Ummmm... Hey!! She's Quater horse!! The butt sorta gave it away


----------



## prettypalfrey (Mar 12, 2007)

whats not good?


----------



## bolly (Mar 16, 2007)

Why dont you tell us more about her .. name, history, height .. etc x


----------



## prettypalfrey (Mar 12, 2007)

Stardusts Surprise (jigger) She is an ex barrel horse she is my first horse. I am new to riding and showing. She is just starting to show again. She is super strong and super fast but oh so loving.









I hope these pics are better.


----------



## prettypalfrey (Mar 12, 2007)

kind of blurry


----------



## prettypalfrey (Mar 12, 2007)

sorry guys I cant add her other pics I didn't mean to repeat.


----------



## mrskamel (May 1, 2007)

She is too heavy, I'm sure you will have her back in shape in no time.


----------



## ~*Hunter_Gurlie*~ (Apr 17, 2007)

i think that she looks good for her age and theres nothing really wrong with her or not good about her  You have a very pretty horse


----------



## prettypalfrey (Mar 12, 2007)

Thank you hunter girlie.
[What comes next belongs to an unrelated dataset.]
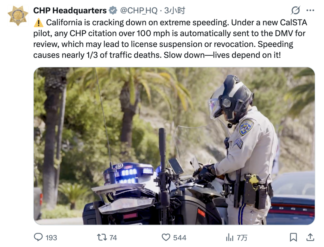 数据显示,极端超速问题在加州日益突出。CHP表示,每月约有1600名驾驶员因时速100英里或以上被开罚单,2024全年此类罚单超过18000张。CHP最近还部署了新一批低调标记巡逻车,专门针对繁忙和高风险路段的超速行为,自5月以来已开出近33000张与超速相关的罚单。
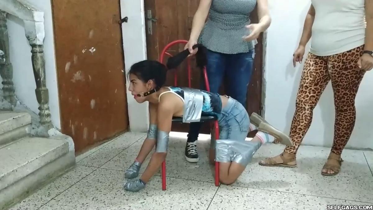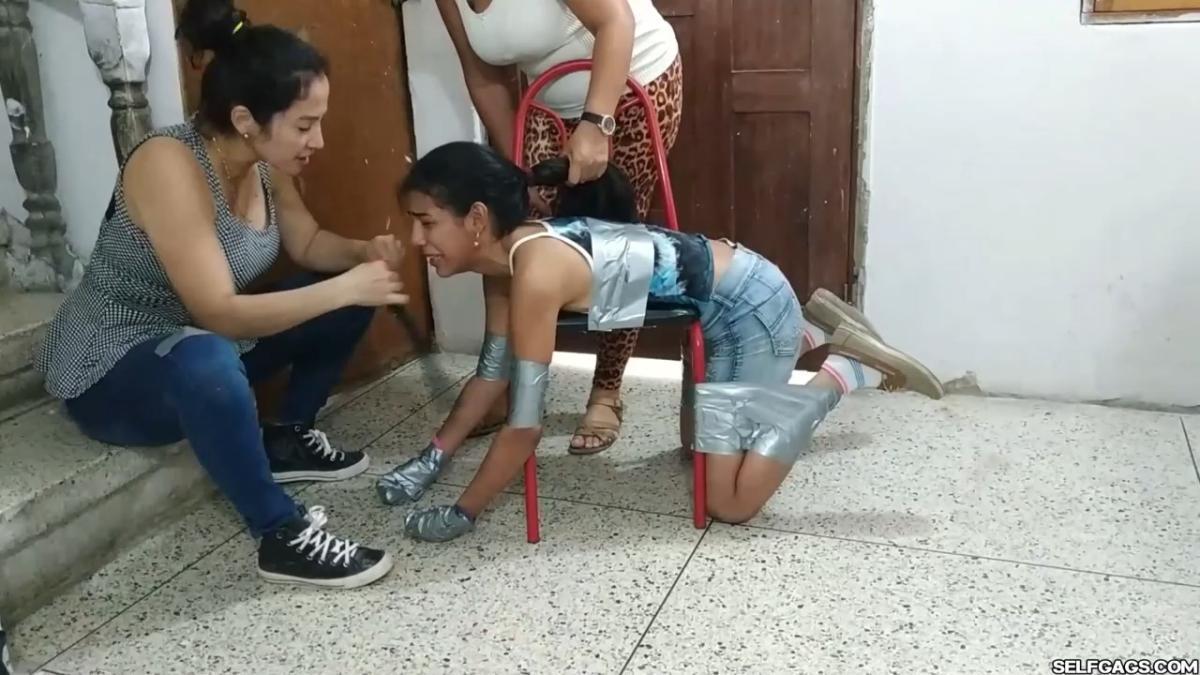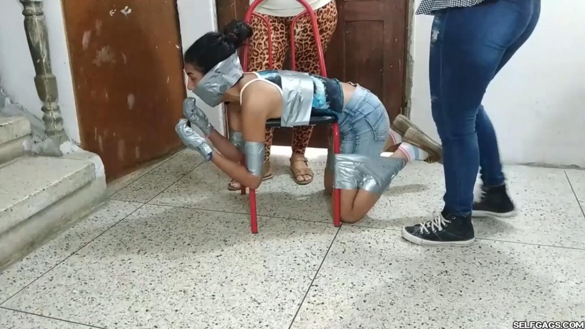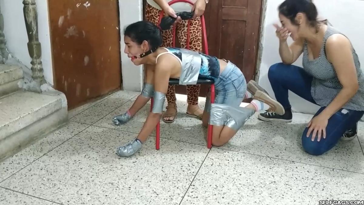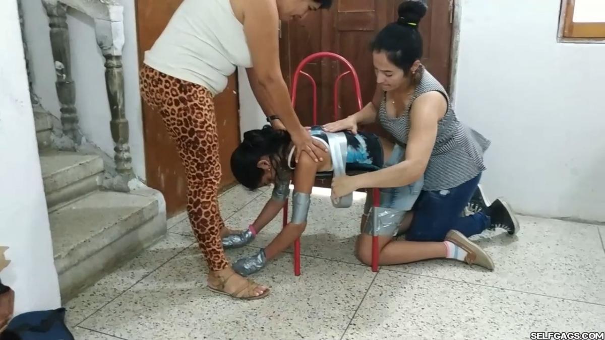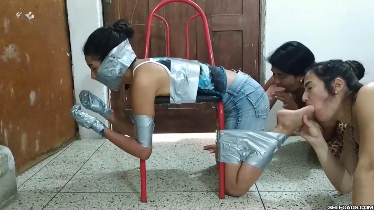 A duct tape gagged girl (Maria Martinez) held prisoner by two MILFs (Laura Martinez & Wendy Lopez) is led into the basement. Here, the two women encase the girl’s hands in socks and wrap duct tape around them. The girl’s tape gag is removed and replaced by a kinky red ball gag. She is then bent over a chair and effectively duct-taped to it in a very strict way so that she is immobilized and completely clung to it! A strong odeur from the girl’s soft feet spreads in the room, making the two women cough and wave their hands in front of their noses. Her smelly feet need to be cleaned and the women are gonna use their mouths to do so! From SELFGAGS Clips4sale studio.

And believe it or not but she is not heavy. She is all muscle. She has lost a bit of wait since that photo. I thought she was to chubby but she is just super stocky and muscular. I hear that her foals are the same.


----------



## muppet123 (Apr 29, 2007)

hi ther, i think she looks really sweet, and lovely for her age too. she looks very kind and honest.


----------



## DressageOrBust (Apr 15, 2007)

She is not heavy at all! She looks like what a healthy horse of her size should look like.  Her back is a bit down has she had many babies? Could just be lack of muscling.  I think she's rather cute. *squee* I wanna hug her.

Jenn


----------



## prettypalfrey (Mar 12, 2007)

She has a bit of a sway back I guess because of her age. She has had 8 babies all with similar body types.


----------



## DressageOrBust (Apr 15, 2007)

A sway back isn't always from age  I have a 31 yr old QH gelding who doesn't really have one at all.


----------



## prettypalfrey (Mar 12, 2007)

I hope its not because of my weight. Ha ha just kidding, she had it when I bought her.


----------



## PrettyHorse (May 8, 2007)

haha that's funny


----------